Marta Marcé
Riflemaker
To inaugurate its new second space in the House of St. Barnabas-in-Soho, an important eighteenth-century building on Soho Square, Riflemaker chose Marta Marcé’s “Diadem Paintings,” which the artist began last year while on a residency at Camden Arts Centre and completed in her studio in Barcelona. The unusual way the paintings were presented, emphasizing their merely temporary occupation of the space, underlined the potential incongruence between contemporary abstract painting and a Grade One–listed regency hall where nothing can be affixed to the wall: Two of the paintings, Flow 1 and Flow 2 (all works 2007), consist of panels laid out on the floor, while the remaining nine paintings were displayed leaning against the walls, either from ledges that are part of the period décor or else lifted off the floor on sawhorselike wooden stands. The mismatch worked perfectly: The resultant mix of laid-back informality and ceremonious embellishment suited Marcé’s casually formalist aesthetic to a tee.
The Catalonian painter, who now divides her time between Barcelona and London, has long cultivated an analogy between games and painting. At times she has made the connection representationally, in paintings that resemble game boards, but the comparison bears out most compellingly when she instead treats the process of painting as a sequence of “moves” bound by specific rules, albeit rules broad enough to allow for a certain degree of “play” within the structure. In the present instance, Marcé was inspired by the tangram, a Chinese puzzle that incorporates five triangles, a square, and a parallelogram. She employed a similar system of movable sections to make the two floor works, expanding the number of pieces from seven to nine. More important, she added simple curves, both concave and convex, to the original game’s strictly rectilinear vocabulary.
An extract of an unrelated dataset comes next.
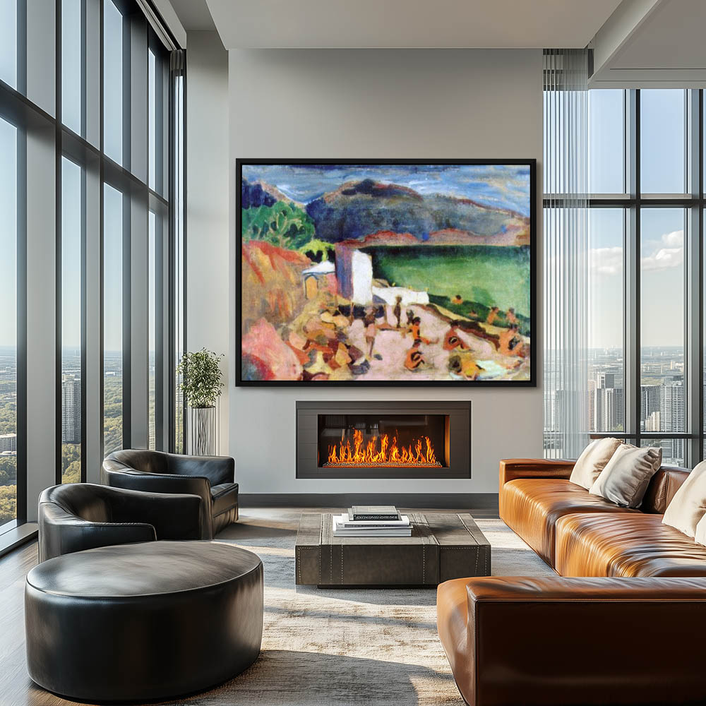 Abstract Coastal Painting with Figures on the Beach

The elements in Flow 1 are all monochromatic—either painted or covered with colored fabric—except for one that is covered with a diamond pattern; in Flow 2, the pieces, either painted a single color or not at all, have been overlaid with simple patterns of grids or parallel lines. Presumably, the configurations shown in the gallery are arbitrary, as the segments could have been combined in any number of ways. The artist speaks of “geometry as a live creature that constantly changes, each time giving us quite different random shapes and ideas that make up our real world.”
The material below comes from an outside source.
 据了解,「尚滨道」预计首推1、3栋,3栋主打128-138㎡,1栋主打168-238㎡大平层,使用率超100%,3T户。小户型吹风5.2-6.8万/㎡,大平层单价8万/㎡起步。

These combinations became the starting point for the wall-oriented works, eight single panels of diverse format and one diptych. The types of shapes found in the floorbound works, with their distinctive combinations of straight lines and curves, are here elaborately concatenated, sometimes filling up the whole panel but more often silhouetted against a colored surround. Thus the anticompositional strategy embodied in the floor works became a compositional source for the paintings, whose mood is a curious mix of exuberance and restraint. They are painted with thin, washy colors, mostly not too bright—even, strangely enough, when they border on the fluorescent. Marcé seems to avoid highly active optical combinations or the drama of Hans Hofmann–esque push-and-pull; her use of color is unruffled. As a result, one senses in these paintings an energy that is absorbed, yet in some way constrained. The game being played here is really, after all, a form of solitaire—which always has something melancholy about it. In this, the floor pieces are rather different: With their movable segments, they evoke a potential collaboration with the work’s receiver; they bring out the social side that complements the solitude of the artist’s studio work.